Nation’s oldest private military college launches income-share agreement program to improve affordability, retention, and completion of education
Norwich University, the oldest private military college in the United States, has announced a new income-share agreement initiative aimed at improving affordability, student retention, and degree completion. Beginning in fall 2018, Norwich undergraduate students will have the opportunity to opt in to an innovative financing model in which they will pay reduced tuition in exchange for a set percentage of income after graduation over a set period of time.
As financial barriers and loan aversion continue to pose challenges for students’ college-going aspirations, persistence, and degree attainment, higher education institutions are turning to new strategies in an effort to expand access, increase affordability, and reduce the risk associated with paying for college. A growing number of colleges and universities have recently implemented ISAs as a new, student-centric model that aligns costs with outcomes.

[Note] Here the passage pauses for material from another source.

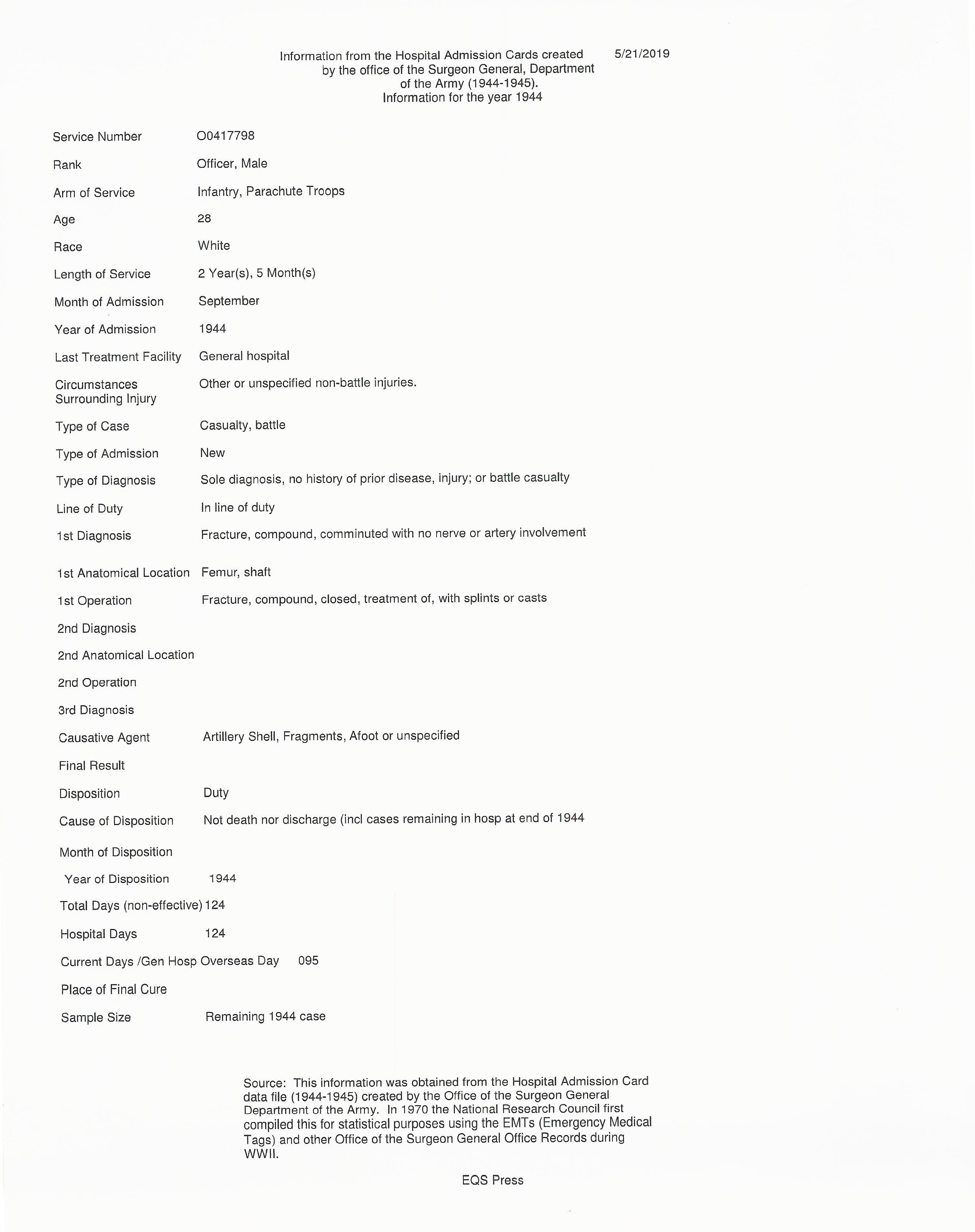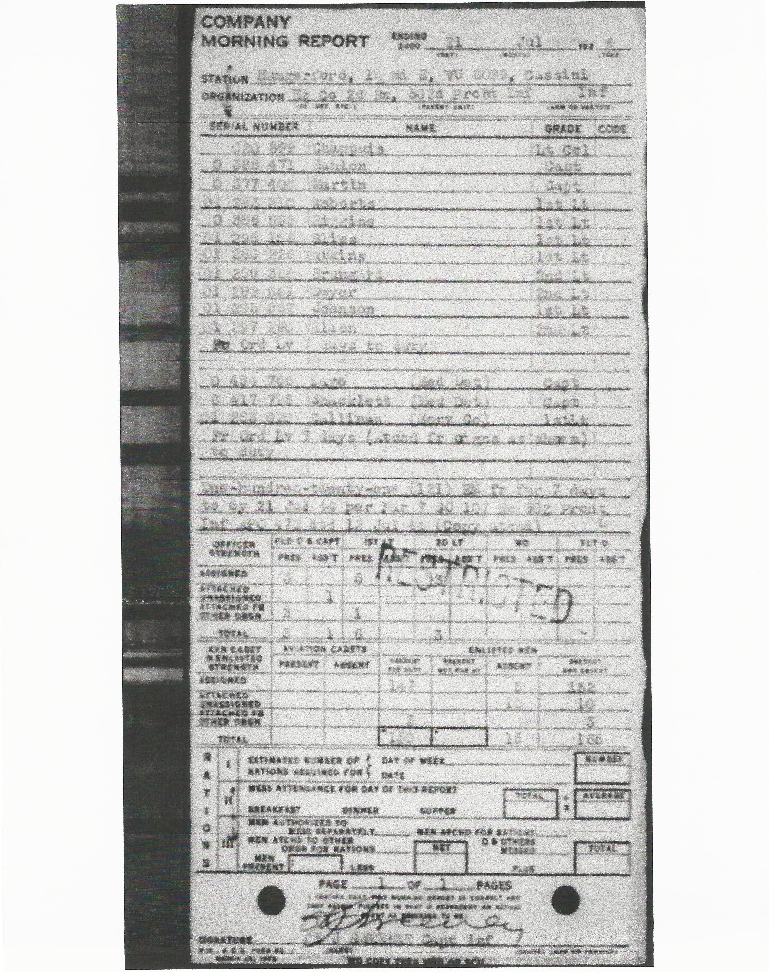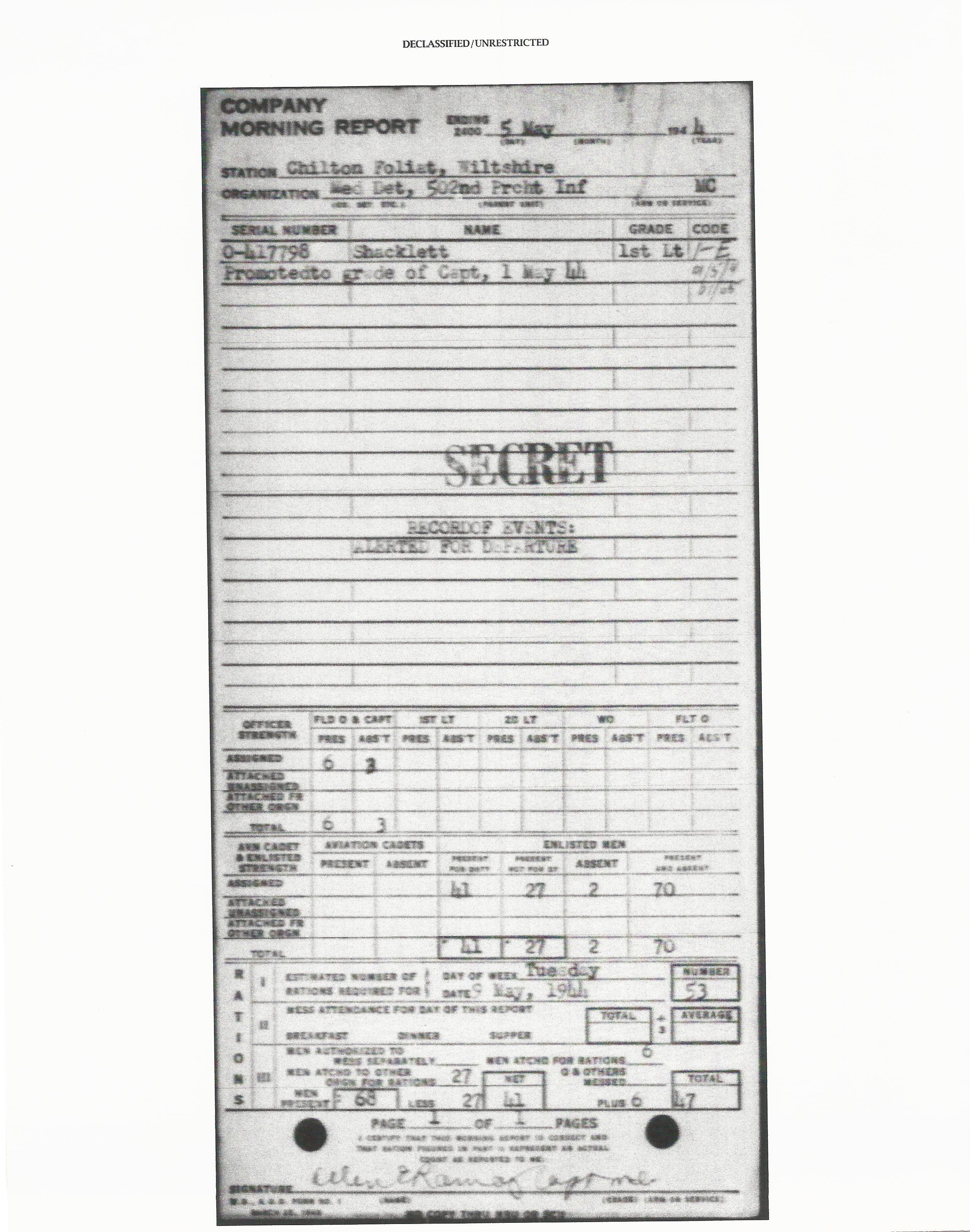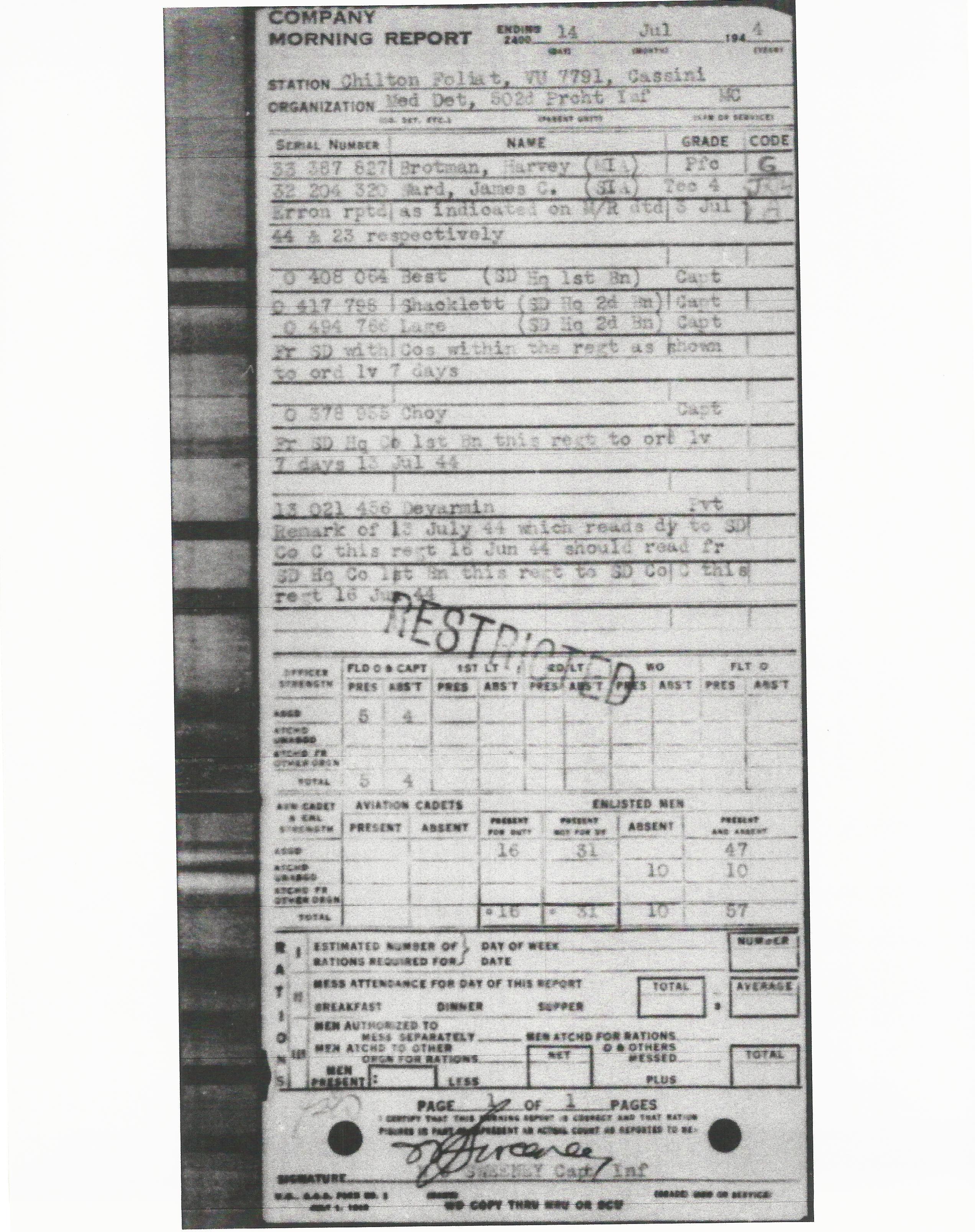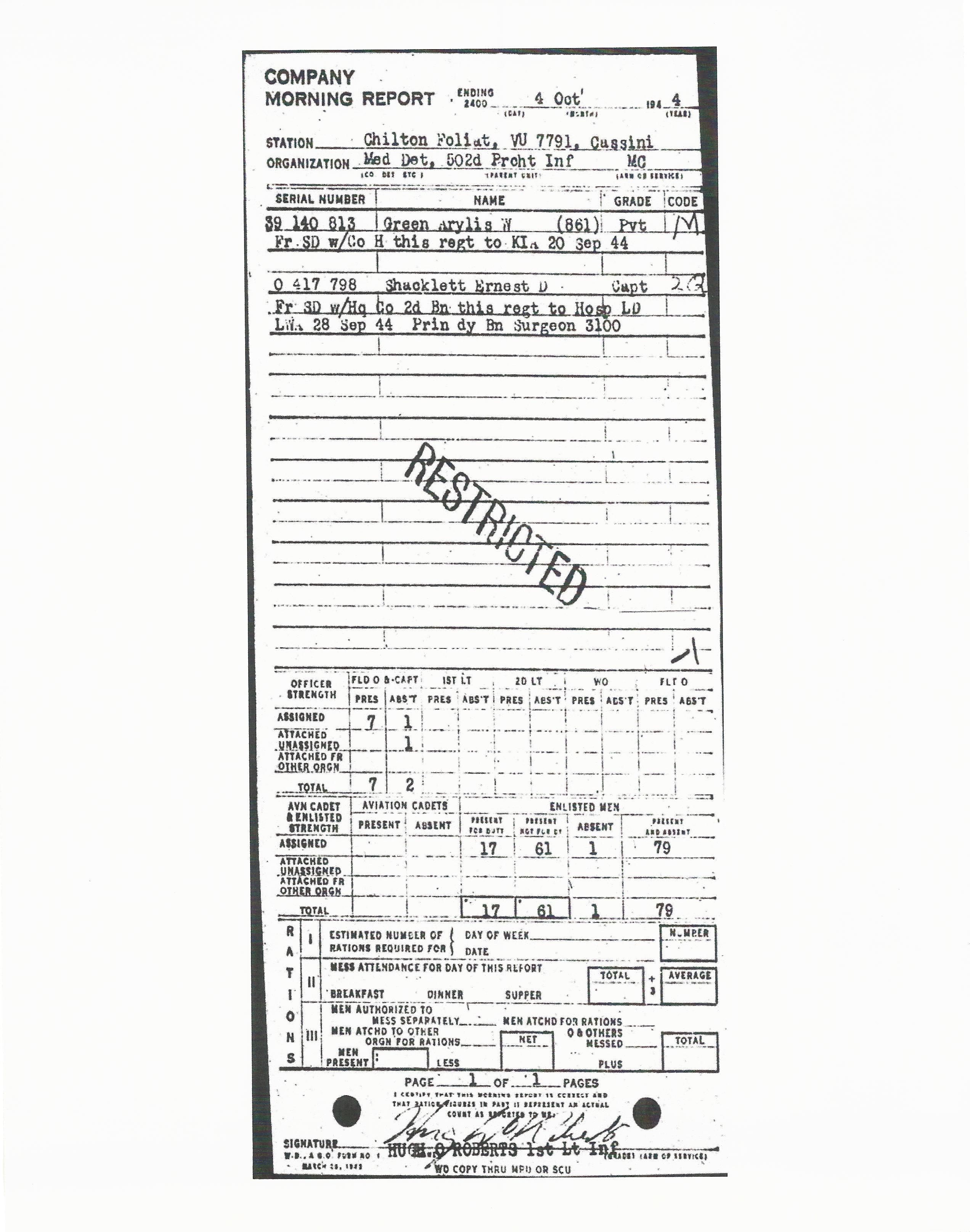 - Research binder with multiple pages of copies of original wartime documents naming Shacklett, including Company Morning Reports from July - October 1944 as well as information about his wound and hospitalization.

“Norwich University is committed to offering this new way to help pay for college in a way that aligns incentives and helps reduce financial barriers to degree completion,” Norwich University Chief Financial Officer & Treasurer Lauren Wobby said. “The new Norwich ISA program has the potential to increase educational access and attainment for our students.”
To develop its ISA program, Norwich tapped Vemo Education, a Virginia-based education technology company that works with higher education institutions to design, implement, and maintain income share agreement initiatives. Last year, Vemo powered $23 million of ISAs at a cross-section of colleges and universities across the country, including Purdue University, Lackawanna College in Pennsylvania, and Clarkson University in New York.
“In many cases, the college degree remains a prerequisite for social and economic mobility — but rising costs and questions about affordability often lead students to underinvest in their higher education or not finish their degree program,” Co-founder and CEO of Vemo Education Tonio DeSorrento said. “Income share agreements can address this challenge, supporting college-going aspiration among the students who can benefit the most from higher education.”
Known as the “birthplace of ROTC” (Reserve Officers’ Training Corps), Norwich University was founded in 1819 and now serves more than 2,400 undergraduates. The university’s new program, the first ISA initiative offered at one of the nation’s six designated senior military colleges, includes opportunities for sophomores, juniors, and seniors to opt into income share agreements. Seniors will also have access to a specialized ISA program designed to close funding gaps in their final semesters and help them complete their degree.
About Vemo Education
Vemo Education is an educational technology company that partners with colleges and universities to design, implement, and maintain income-based financing programs to address institutional goals ranging from educational access and opportunity to degree completion. Vemo Education’s team is committed to working with schools to use income-based financing to increase educational access, attainment, and reduce the risk of financing higher education. Learn more.
About Norwich University
Norwich University is a diversified academic institution that educates traditional-age students and adults in a Corps of Cadets and as civilians. Norwich offers a broad selection of traditional and distance-learning programs culminating in Baccalaureate and Graduate Degrees. Norwich University was founded in 1819 by Captain Alden Partridge of the U.S. Army and is the oldest private military college in the United States of America. Norwich is one of our nation's six senior military colleges and the birthplace of the Reserve Officers’ Training Corps (ROTC).
Norwich will celebrate its bicentennial in 2019. In fulfillment of Norwich’s mission to train and educate today’s students to be tomorrow’s global leaders, Norwich launched the Forging the Future campaign in 2014. The five-year campaign, which is timed to culminate in 2019, is committed to creating the best possible learning environment through state-of-the-art academics and world-class facilities and is designed to enhance the university’s strong position as it steps into its third century of service to the nation.